RSUSSH 2020

IN20-011 Blind Docking Study of Compound D and Dimethoxyphenylbutadiene (DMPBD) Against Cyclooxygenase-2

Presenter: Prasan Tangyuenyongwatana
Rangsit University, Thailand

Abstract

          In this study, blind docking method was applied to discriminate against the ligand-protein binding of 4-(3,4-dimethoxyphenyl)but-1,3-diene (DMPBD) and (E)-(3,4-dimethoxyphenyl)but-3-en-1-ol (compound D) at the active site of cyclooxygenase-2 (COX-2). These two compounds can bind flawlessly in the COX-2 active site with nearly the similar docking energies with regular docking method but only DMPBD was the active compound (IC50 = 20.68 μM). Blind docking was achieved for the finding of the possible binding site of ligand by skimming the entire surface of COX-2 protein. Cyclooxygenase-2 (PDB ID: 1CX2, 1PXX, 3NTG) crystal structures were used in this research and the blind docking was run by PyRx 0.8 program. The experimental results of DMPBD at exhaustiveness 4 showed the positive binding ratio of DMPBD/compound D at the active site of three enzymes (1CX2, 1PXX, 3NTG) in the ratio values of 1.63, 2.08, and 2.43, respectively. That means DMPBD was more appropriate than compound D in binding with enzymes. These results demonstrated that there was some specificity of DMPBD to bind with the enzymes which may due to the low rotational bond and rigidity of DMPBD structure making it can easily reach to lower energy of the active site. While compound D which has more flexible and more polar structure was unable to give good conformation for lowest energy at exhaustiveness 4.  These blind docking outcomes were compatible with the in-vitro test result. However, blind docking can work well with some enzymes. This technique has to be studied more about the parameters that concern with the searching.

Keywords: Blind docking; Cyclooxygenase-2; DMPBD; Compound D; PyRx

Citation format:

Tangyuenyongwatana, P., & Sombutaree, M.. (2020). Blind Docking Study of Compound D and Dimethoxyphenylbutadiene (DMPBD) Against Cyclooxygenase-2. Proceeding in RSU International Research Conference, May 1, 2020. Pathum Thani, Thailand.

QUESTIONS & ANSWERS

Nanthaphong Khamthong (Participant)

In addtion to the previously reported in vitro test, this work is a good alternative way to understand and explain the anti-COX-2 effect of the two active compounds.
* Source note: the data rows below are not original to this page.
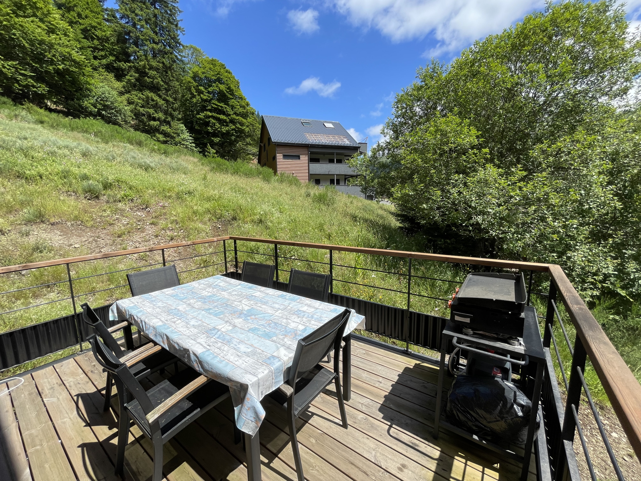 Magnifique chalet de construction finlandaises de 123 m2 édifié sur trois niveaux avec deux terrasses et place de parking extérieur.
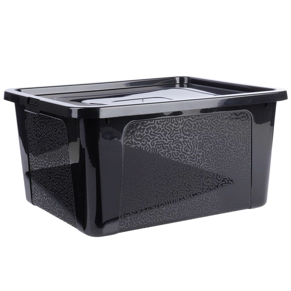 Med en volumen på 20 l egner den sig til tekstiler, legetøj, dokumenter, køkkenudstyr og værktøj. Den er stabelbar, så du sparer plads i bryggers, garage og på kontor. Det diskrete dekor på sidevæggene giver et elegant udseende, der passer ind i moderne interiør.
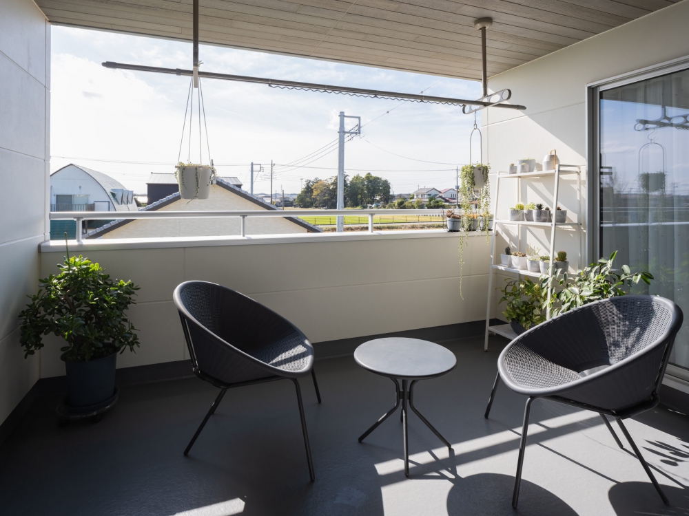 約6帖のゆとりあるインナーバルコニーには給水栓を備え、BBQやガーデニングなど多彩な楽しみ方が可能です。ご主人のご希望だった日光浴スペースとしても活躍します。
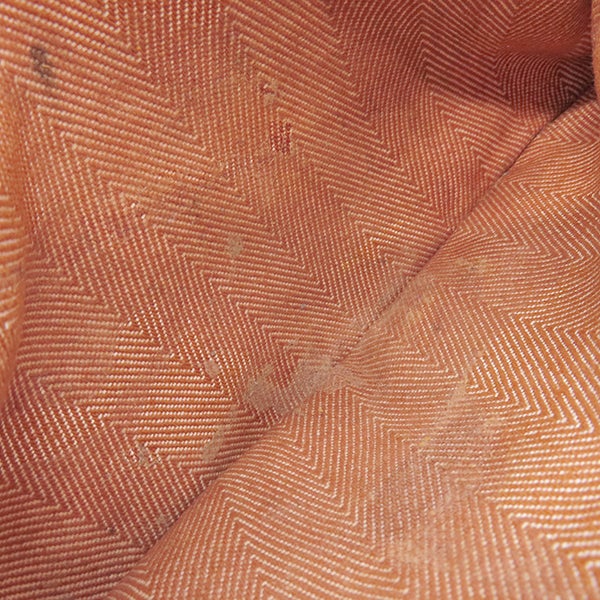 【外側】表面に擦れ、レザーに擦れや擦れ傷、薄汚れや押し跡、シワ、四つ角に擦れや剥げ、コバにヒビ、ハンドルに黒ずみ、ポーチにシミ、金具に擦れや小傷、錆【内側】擦れや毛羽立ち、薄汚れ【におい】保管臭

1. As the author mentioned in the abstract, what other parameters should we concern in order to precisely understand the docking behavior of these two compounds?

2. In general, are there any limitations of this method compared to an in vitro study. 
 

Prasan Tangyuenyongwatana (Presenter)

For the first question, the blind docking or focused docking were performed in silico which the receptor or enzyme in the docking method is regid which can not move as in the in vivo environment. So, the docking result will give the trend of binding between enzyme and ligand follow the docking score or scoring functions of the program. Water and ions in the cell are also other parameters that may cause the binding between enzyme and ligand give different result. However, the blind docking can give some information about ligand structure ability to set itself into the lowest energy to macth with the active site.

For the second question, Blind docking has limitation on the size of ligand that can be used. If ligand has too big in size, it can not adapt or insert into the active site which normally stays inside the enzyme. For small molecule, MW range 150-300 amu., this size of molecule should be fine for blind docking. Anyway, the Blind docking study has to confirm with the in vitro study.